We built a robust, end-to-end data pipeline and wrapped it in a user-friendly web interface:

  • Data Processing: We loaded 5 years of historical Excel data (Sales, Products, Clients, Potential, Campaigns) and aggregated it into weekly time-series data to smooth out the noise of daily transactions.
  • Hierarchical Forecasting: We used SARIMA to forecast high-level product-type demand (Commodities vs. Technical). We then used SARIMAX to forecast individual product demand, using the high-level block forecast as an external factor to increase accuracy.
  • Clustering & Classification: We calculated the slope of purchasing trends and the "capture ratio" (sales vs. potential). Using a combination of threshold logic and Gaussian Mixture Models (GMM), we mapped clients into our four states.
  • The Transition Engine: The system compares the current_state with the forecasted future_state using a transition matrix.
  • User Interface: We built a web application where users can upload datasets, tweak the default feature parameters, and instantly view prioritized alerts (Risk with high potential, Risk with low potential, etc.) and positive transitions.

Challenges we ran into

  • The "Silence" Problem: One of the biggest challenges in B2B sales is that a lack of purchase doesn't always mean churn. We had to carefully tune the models to ensure we didn't confuse a normal pause in Technical Product purchases with actual client abandonment in Commodities.
  • Noisy Data: Daily sales data was incredibly sparse. Shifting to a weekly aggregation (week_start) was critical to getting the SARIMA models to converge and produce meaningful forecasts.
  • Explainability: A black-box AI is useless to a sales rep. We had to engineer the pipeline so that every alert points back to the "driver product" (the specific SKU or category causing the alert) so the rep knows exactly what to mention on the phone.

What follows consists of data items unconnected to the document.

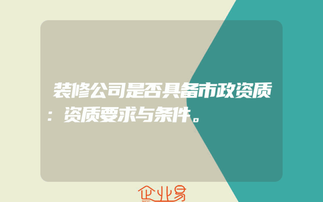 - 装修公司是否具备市政资质:解析资质要求与条件一、引言在装修行业中,对于涉及市政工程的公司,资质要求显得尤为重要。随着城市建设的不断推进,市政工程项目日益增多,装修公司若具备市政资质,便能更好地参与市场竞争,提供更高质量的服务。本文将详细解析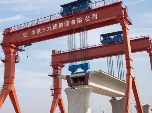 榀長32.6米、寬12.6米、高3.035米、重821.86噸的預(yù)制箱梁經(jīng)過跨墩提梁機的拖拽牽引,落至預(yù)定橋墩位置,而鋼絲繩葫蘆被用于輔助吊運工作中。除此之外,葫蘆還能在力所能及范圍內(nèi)吊運其他類型的重物,為重物的吊運和精準定位提供了便利。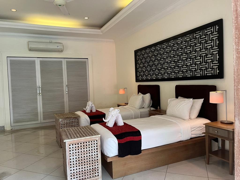 To the right of the living and dining area is the second master bedroom with ample size bathroom and bathtub. The adjacent guest room, twin bedded yet can be made into queen size beds, also have en suite bathrooms and all are accessed directly from the garden. The kitchen and wet pantry take up the rear part of the house along with staff quarters and laundry room. The two-car garage allows for off street parking.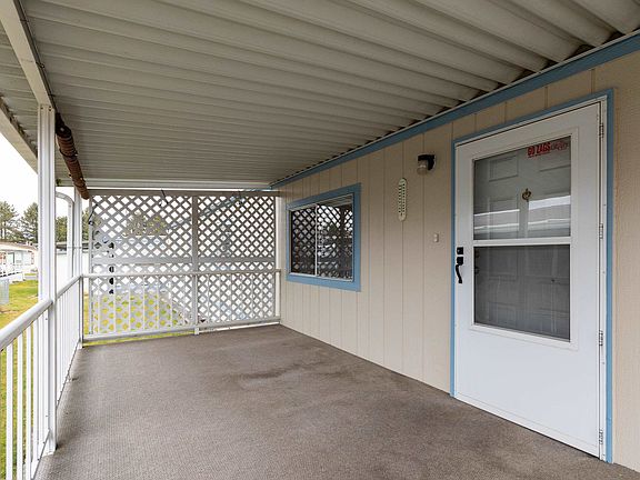 Welcome to this meticulously maintained 1991 single-wide manufactured home in the desirable Birch Tree Manor 55+ community, located in Spokane Valley. This home features 2 bedrooms and a spacious bathroom recently updated with beautiful new tile. It includes all appliances, and a heat pump installed in 2013, providing energy-efficient heating and cooling year-round. Major exterior upgrades were completed in 2016, including a new roof, gutters, fascia, and siding, with a fresh coat of exterior paint applied just last year. Outside enjoy a covered deck, a covered carport, a storage shed, and a sprinkler system.The affordable lot rent includes water, sewer, street snow removal, and summer debris dumpsters, making life in this fantastic community even more convenient.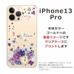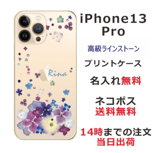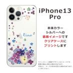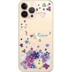 iPhone13 Pro アイフォン13プロ らふら 名入れ スマホケース ラインストーン スマホカバー 押し花風 デコレーション パープル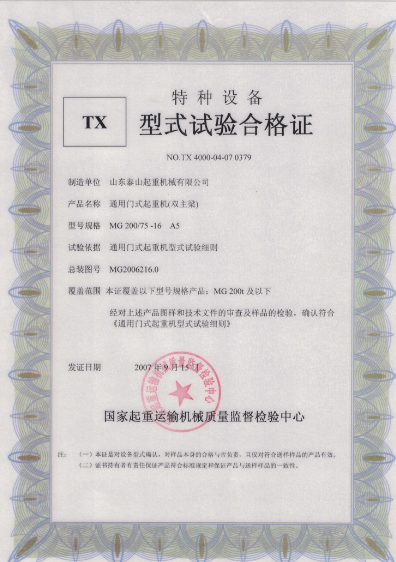 | 發(fā)證機(jī)構(gòu): | 國(guó)家起重運(yùn)輸機(jī)械質(zhì)量監(jiān)督檢驗(yàn)中心 | 發(fā)證時(shí)間 : | 2007-09-15 |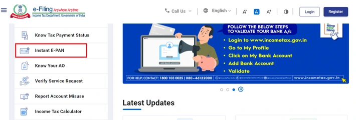 - Step 2: Click on “Instant e-PAN” under “Quick Links”.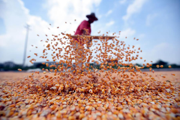 8月30日,山東省臨沂市郯城縣馬頭鎮(zhèn)農民在晾曬玉米。新華社發(fā)(房德華 攝)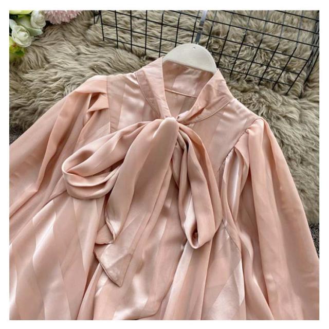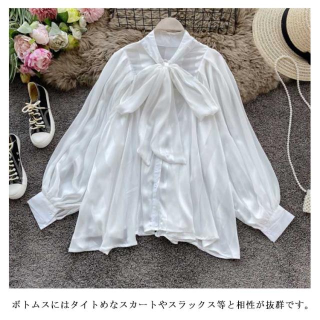 ブラウス フォーマル レディース ブラウス シャツ リボン リボンタイ 白 シャツ 光沢 高級感 長袖 チュニック オフィス カジュアル ホワイト 結婚式 パーティー お呼ばれ 二次会 可愛い 事務服 大人 トップス シャツ 送料無料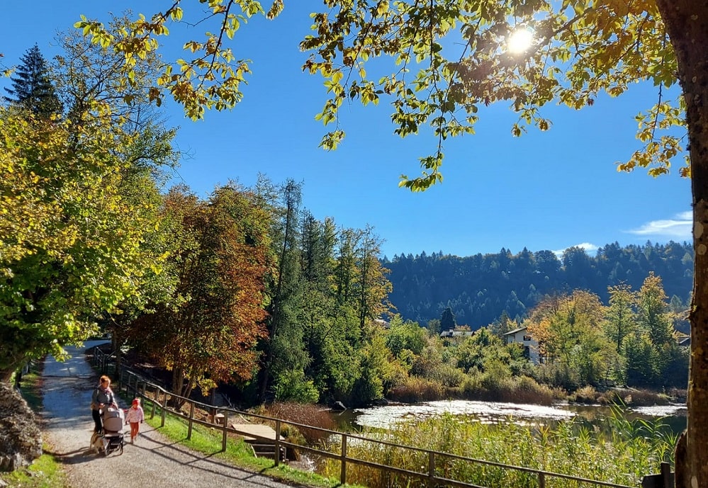 La passeggiata è gradevole e pianeggiante e si snoda sulle sponde del laghetto, tra radure e boschetti, offrendo riflessi dorati particolarmente belli nella stagione autunnale. I bambini si divertiranno sicuramente a giocare con le tante foglie cadute a terra!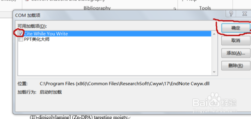 页面跳转,在“Cite While You Write”条目的左侧小方块内打上"√",再单击右侧的”确定“按钮,
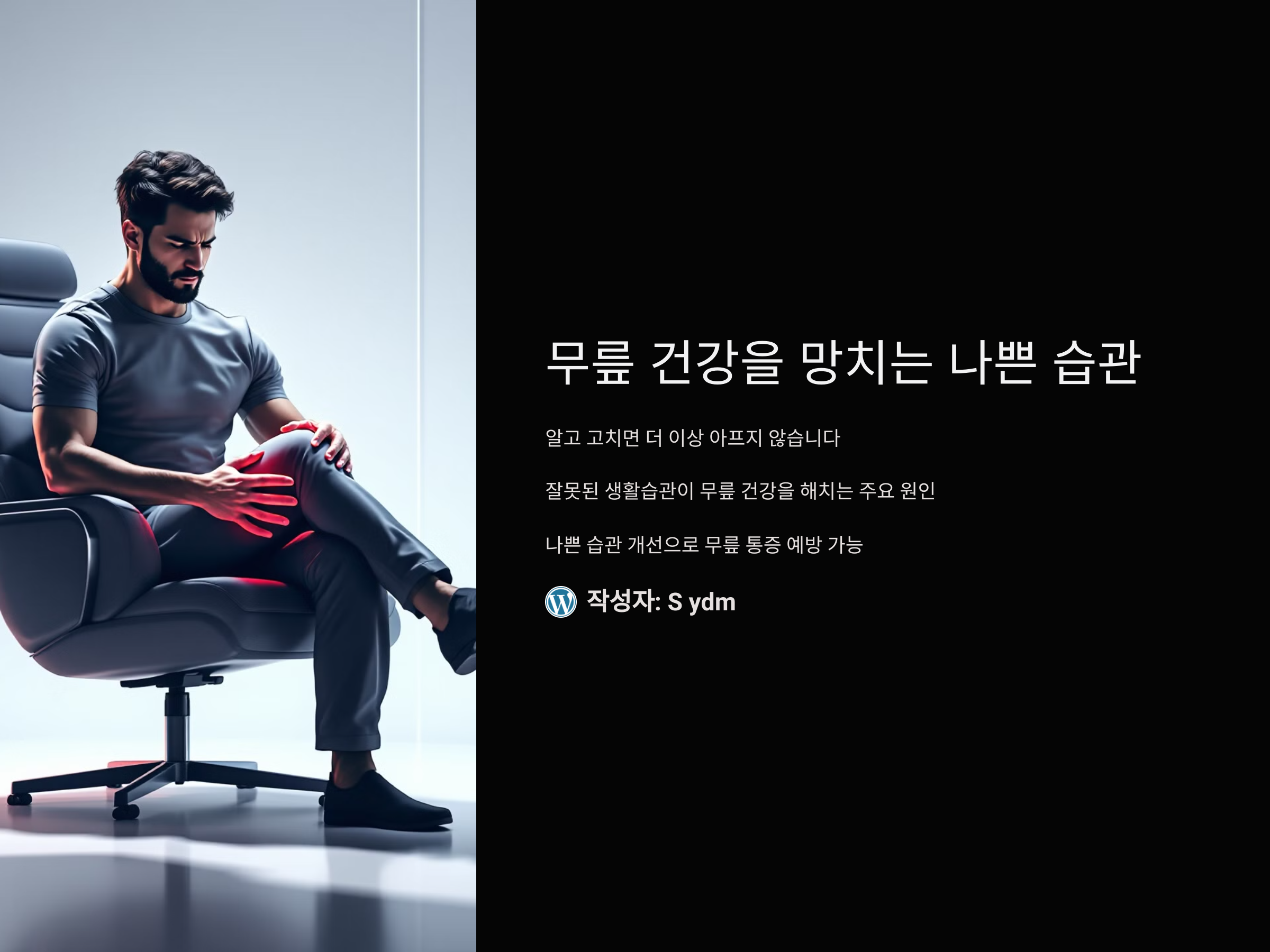 릎은 우리 몸에서 가장 자주 사용하는 관절 중 하나로, 부상이나 통증이 발생하면 일상생활에 큰 지장을 줄 수 있습니다. 특히 잘못된 생활습관은 무릎 건강을 서서히 망가뜨리는 주요 원인 중 하나로 꼽힙니다. 최근 전문가들은 무릎 통증이 단순히 노화로 인한 문제가 아니라, 반복적인 나쁜 습관에서 비롯될 수 있다고 경고합니다. 지금부터 무릎 건강을 해치는 습관들을 살펴보고, 이를 예방하고 개선하는 방법에 대해 알아보겠습니다.

Accomplishments that we're proud of

  • The Hierarchical Model: Successfully linking SARIMA macro-trends to SARIMAX micro-trends gave us a highly nuanced prediction model that respects the product hierarchy.
  • Actionable AI: We didn't just build a forecasting model; we built a business logic layer on top of it. Translating complex slopes and capture ratios into simple, prioritized alerts (like "Urgent: Loyal to Risky transition detected on Anesthesia") is something that provides immediate commercial value.
  • Working Web Interface: Taking it from a messy Python notebook to a clean web UI where users can toggle features and see prioritized lists of who to call today.

What we learned

  • Context is King: In time-series forecasting for sales, mathematical accuracy isn't enough. You have to encode business context (like the difference between a recurring commodity and a one-off technical purchase) into the model for the outputs to make sense.
  • The Value of Prioritization: Sales teams have limited time. An alert system is only as good as its ability to rank issues. Prioritizing a "Risky client with high potential" over a "Risky client with low potential" is vital for ROI.

What's next for RetainX

  • Machine Learning Feedback Loop: We want to add a feature where sales reps can flag an alert as a "False Positive" or "Successful Recovery" to continuously retrain and improve the model over time.
  • CRM Integration: Taking the alerts out of our standalone web app and pushing them directly into the CRM systems that reps already use daily.
  • Campaign Impact Analysis: Deeper integration of promotional campaign data to predict how specific marketing actions might alter a client's future state trajectory.